The kingdom reduced output by 800,000 barrels per day (bpd) to 8.292 million bpd in March from February, Saudi Oil Minister Ali al-Naimi said on Sunday, sending the strongest signal yet that OPEC will not act to rein in soaring prices.

“The market had a great run on Friday, but oil continues to underpin inflationary fears as people start to worry how high it’s going to get,” said Ben Le Brun, market analyst with CMC Markets in Sydney.

Oil prices fell early last week on concern that demand may be eroding under pressure from high prices, but rebounded on Friday following encouraging U.S. economic data. Prices have retreated from a 32-month peak of $127.02 hit earlier this month.

ICE Brent crude was down 49 cents at $122.99 a barrel by 0641 GMT. U.S. crude fell 74 cents to $108.92 a barrel.

Brent may revisit a recent low at $120 per barrel, while U.S. oil is expected to retrace to $108 per barrel, according to Reuters market analyst Wang Tao.


Oil Ministers from Kuwait and the United Arab Emirates echoed Naimi’s concerns about oversupply and said rocketing crude prices were out of the hands of OPEC, which next meets in June.

Naimi’s words were the clearest indication yet that OPEC is unconvinced of a need for a coordinated change in supply policy despite the civil war that has slashed Libyan output and expectations Japanese demand will rise as the country scrambles to rebuild its earthquake-shattered electricity grid.

“The Saudis believe that there is a massive premium because of tensions in the Middle East and that demand is waning at these prices. We think the premium is around $15-$20 a barrel,” said Le Brun.

The conflict in Libya escalated over the weekend, after Libyan leader Muammar Gaddafi’s forces fired rockets on Sunday at rebels stationed along the edge of Ajdabiyah, sending some residents fleeing from the eastern town, witnesses said.

The oil market is still seeking a close replacement for very high quality Libyan sweet crude oil lost due to the conflict in the North African nation, OPEC Secretary General Abdullah Al-Badri said on Monday.

Refiners have shown little appetite for a replacement bend offered by Saudi Arabia to plug the gap.

“The Saudis have spare capacity but there is a quality mismatch between what refiners want and what the Saudis can provide,” said Michael Lo, a Hong Kong-based analyst with Nomura International.


China raised banks’ required reserves on Sunday for the fourth time this year to curb inflation, but the impact on oil prices was muted as further tightening in Chinese monetary policy was widely expected, analysts said.

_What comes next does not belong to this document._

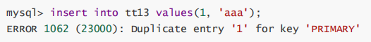 主键约束:主键对应的字段中不能重复,一旦重复,操作失败。
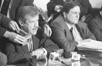 Luego de que la comitiva peronista fuera rechazada por los radicales, fueron algunos boinas blancas independientes los que intentaron convencer al bloque oficial de la UCR, que “quedarían pegados en la foto junto a los menemistas y los provinciales”. Ni el porteño Rodolfo Terragno, ni el pampeano Juan Carlos Passo lograron trocar la decisión a los boinas blancas. Aunque no estaban en sus bancas, los menemistas Eduardo Menem y Sonia Escudero se encontraban en sus despachos. La salteña Escudero no se privó de un profuso raid matutino por las radios embistiendo contra la santacruceña. Raid que bien hubiera sido la envidia de la diputada Alejandra Oviedo, una defensora incondicional de la Corte.

Stock markets in both China .SSEC and Hong Kong .HSI also took the news in their stride and were trading higher on the day after opening down.

The reserve rate rise, which followed an increase in benchmark bank interest rates on April 5, was the seventh since China stepped up efforts against inflation in October and underscored the government’s determination to keep the economy on an even keel.

The market will be closely watching a clutch of key U.S. corporate earnings during this holiday-shortened week to gauge the impact of high oil and commodities prices on the world’s biggest energy consumer.